Alcuni momenti canonici delle trattazioni su poesia e musica sono affrontati in modo breve (la fase medievale), altri sono assenti (il melodramma, il rapporto neoavanguardia-musica). Si è pensato di concentrarsi su
altri luoghi, forse meno noti ma che restituiscono proprio la costanza del
fenomeno rimediativo. Per questo si apre con una visione d’insieme che,
dopo una trattazione delle principali teorie sull’intermedialità, propone
di considerare il rapporto tra poesia e musica nei termini di rimediazione.
In tal modo il legame reciproco tra suono e parola diventa particolarmente
evidente, nel flusso di scambi costanti tra i due media.
La prima cosa che questo libro può dirci, infatti, è proprio che l’intermedialità e la rimediazione sono una costante dei rapporti tra poesia e
musica. Sempre nel cap. 1 si propone di osservare il punto d’incontro tra
musica e poesia nella comune radice timica, emozionale, che si concentra
sugli affetti evocati nel destinatario. A seguire, il volume procede in ordine
cronologico.
12
introduzione
La composizione testuale per musica ha due vite, e una è (è stata, fino alla soglia del Novecento) tendenzialmente effimera; perché sopravviva sono richieste un’attenzione continua e un’impostazione multidisciplinare del lavoro ecdotico (e si può aggiungere anche critico). Osservato in
quest’ottica, il rapporto musica-parola sembra confermare quello che diceva Roland Barthes in Scrivere, verbo intransitivo?.

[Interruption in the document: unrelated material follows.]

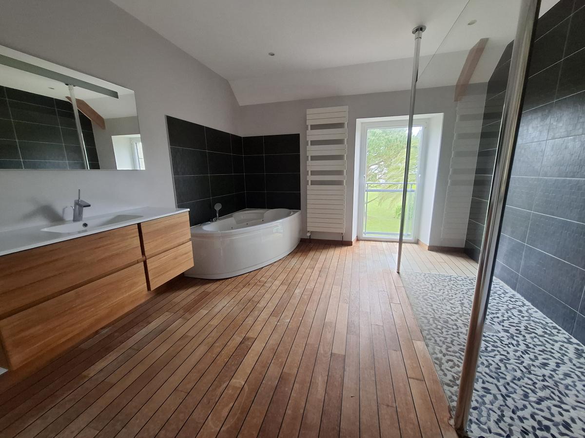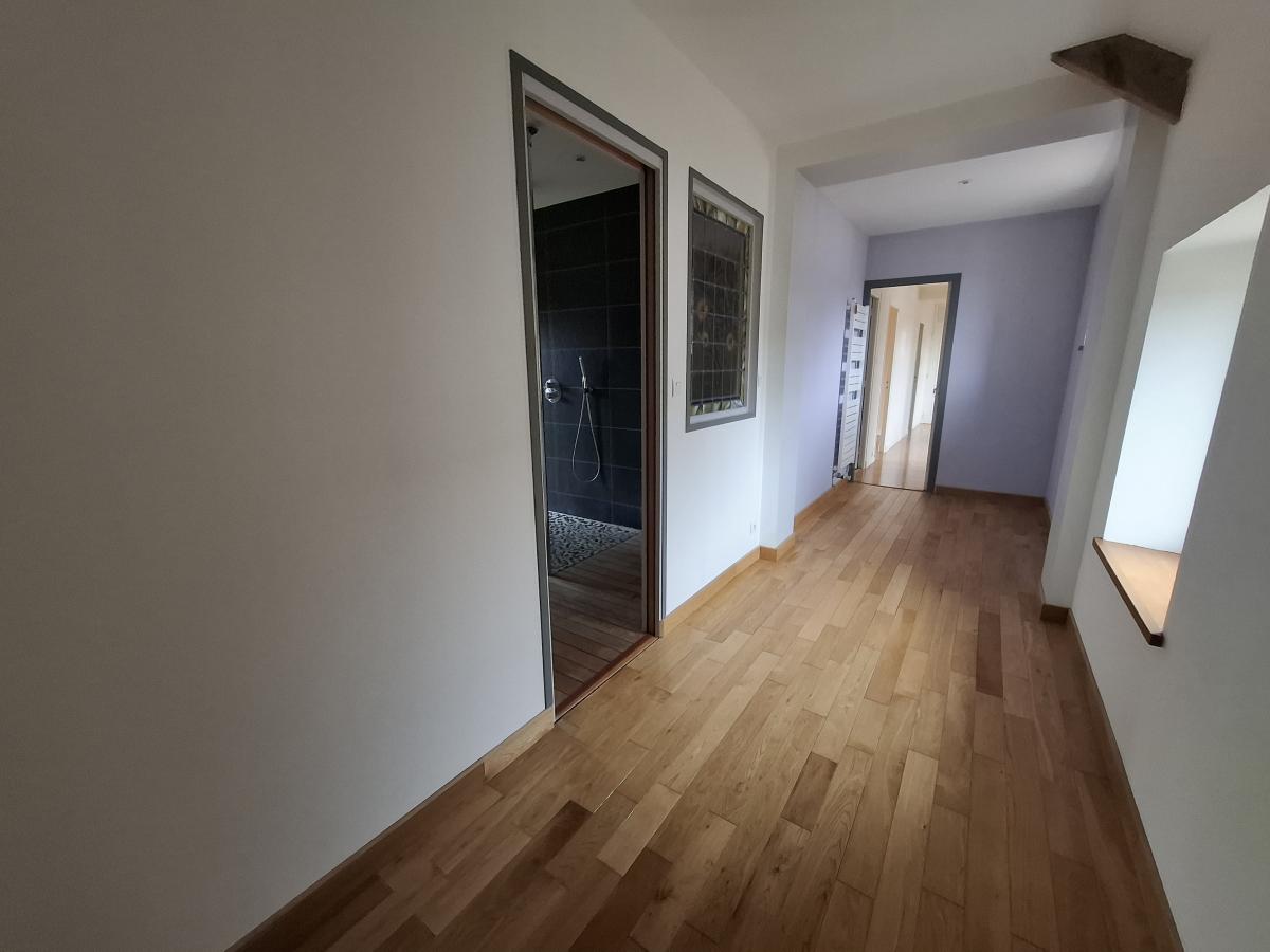 - à l'étage : dégagement, 3 chambres, pièce passagère, salle d'eau (douche et baignoire).

Antonio Rossi (cap. 2) indaga il successo di un sonetto di Aquilano,
Consumo la mia vita poco a poco, che individua nella «più o meno efficace
costruzione formale, combinata con una sostanza tematica dall’elevato grado di suggestività». Più nel dettaglio, Rossi rileva che il successo sia dato
dalla ripresa di temi petrarcheschi e classicamente lirici come la «metafora
cardine della lirica amorosa», quella del poeta che brucia (d’amore, passione ecc.).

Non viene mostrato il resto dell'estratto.